**Exercise directions:** Leave the pictures behind and repeat all the entries exactly.

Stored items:
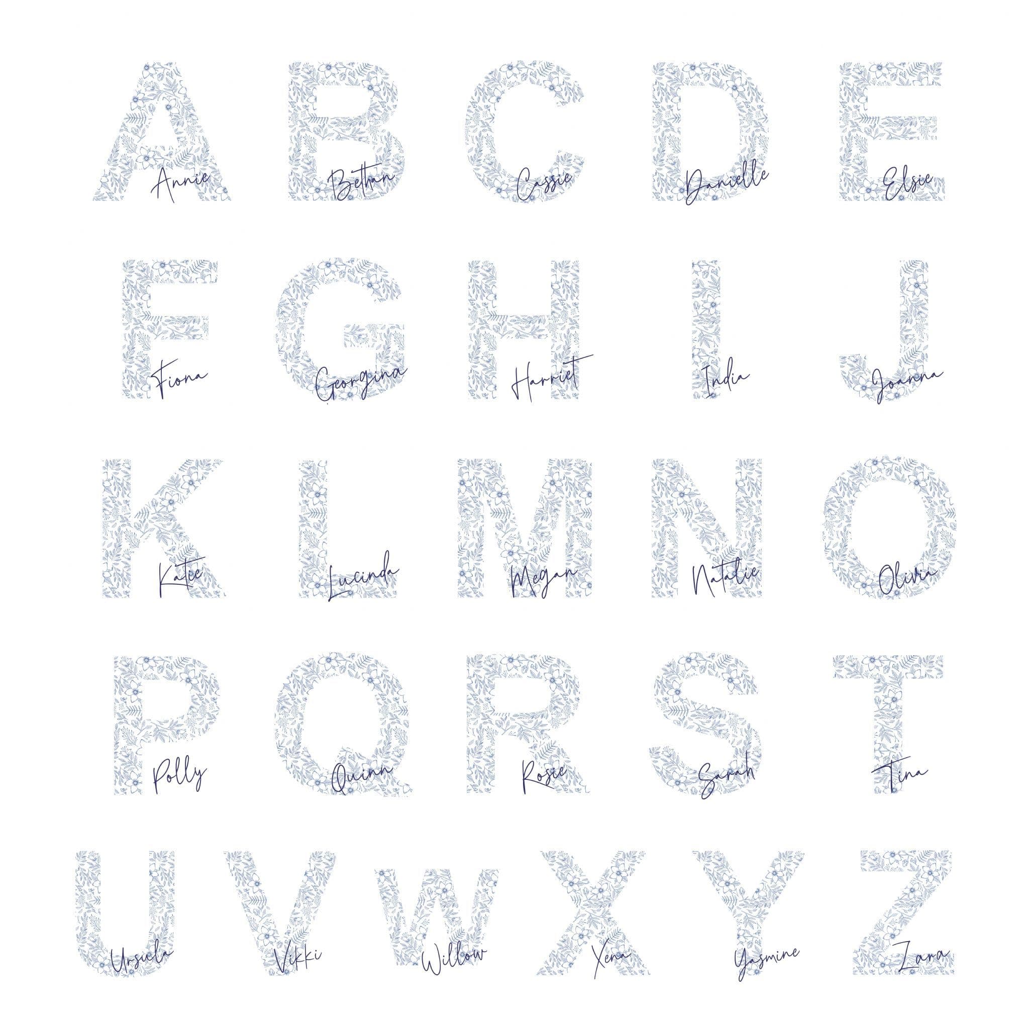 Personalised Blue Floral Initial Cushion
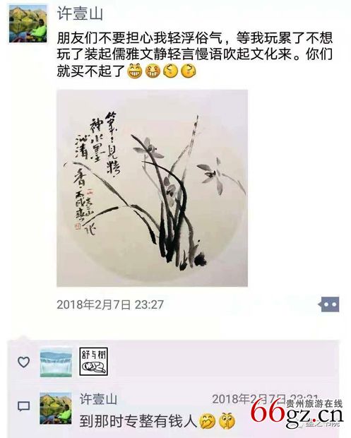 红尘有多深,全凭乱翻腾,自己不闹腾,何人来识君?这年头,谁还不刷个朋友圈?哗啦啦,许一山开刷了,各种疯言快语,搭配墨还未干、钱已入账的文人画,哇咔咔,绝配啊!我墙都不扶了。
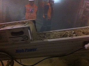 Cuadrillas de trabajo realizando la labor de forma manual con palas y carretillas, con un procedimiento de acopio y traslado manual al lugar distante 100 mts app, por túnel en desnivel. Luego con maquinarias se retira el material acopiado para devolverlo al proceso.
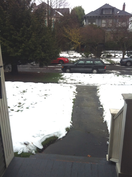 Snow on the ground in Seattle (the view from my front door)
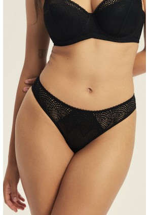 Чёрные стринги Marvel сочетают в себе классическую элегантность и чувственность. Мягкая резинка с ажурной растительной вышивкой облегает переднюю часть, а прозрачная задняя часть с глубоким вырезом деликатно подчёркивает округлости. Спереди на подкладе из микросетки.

**Expected output:**
 Personalised Blue Floral Initial Cushion
 红尘有多深,全凭乱翻腾,自己不闹腾,何人来识君?这年头,谁还不刷个朋友圈?哗啦啦,许一山开刷了,各种疯言快语,搭配墨还未干、钱已入账的文人画,哇咔咔,绝配啊!我墙都不扶了。
 Cuadrillas de trabajo realizando la labor de forma manual con palas y carretillas, con un procedimiento de acopio y traslado manual al lugar distante 100 mts app, por túnel en desnivel. Luego con maquinarias se retira el material acopiado para devolverlo al proceso.
 Snow on the ground in Seattle (the view from my front door)
 Чёрные стринги Marvel сочетают в себе классическую элегантность и чувственность. Мягкая резинка с ажурной растительной вышивкой облегает переднюю часть, а прозрачная задняя часть с глубоким вырезом деликатно подчёркивает округлости. Спереди на подкладе из микросетки.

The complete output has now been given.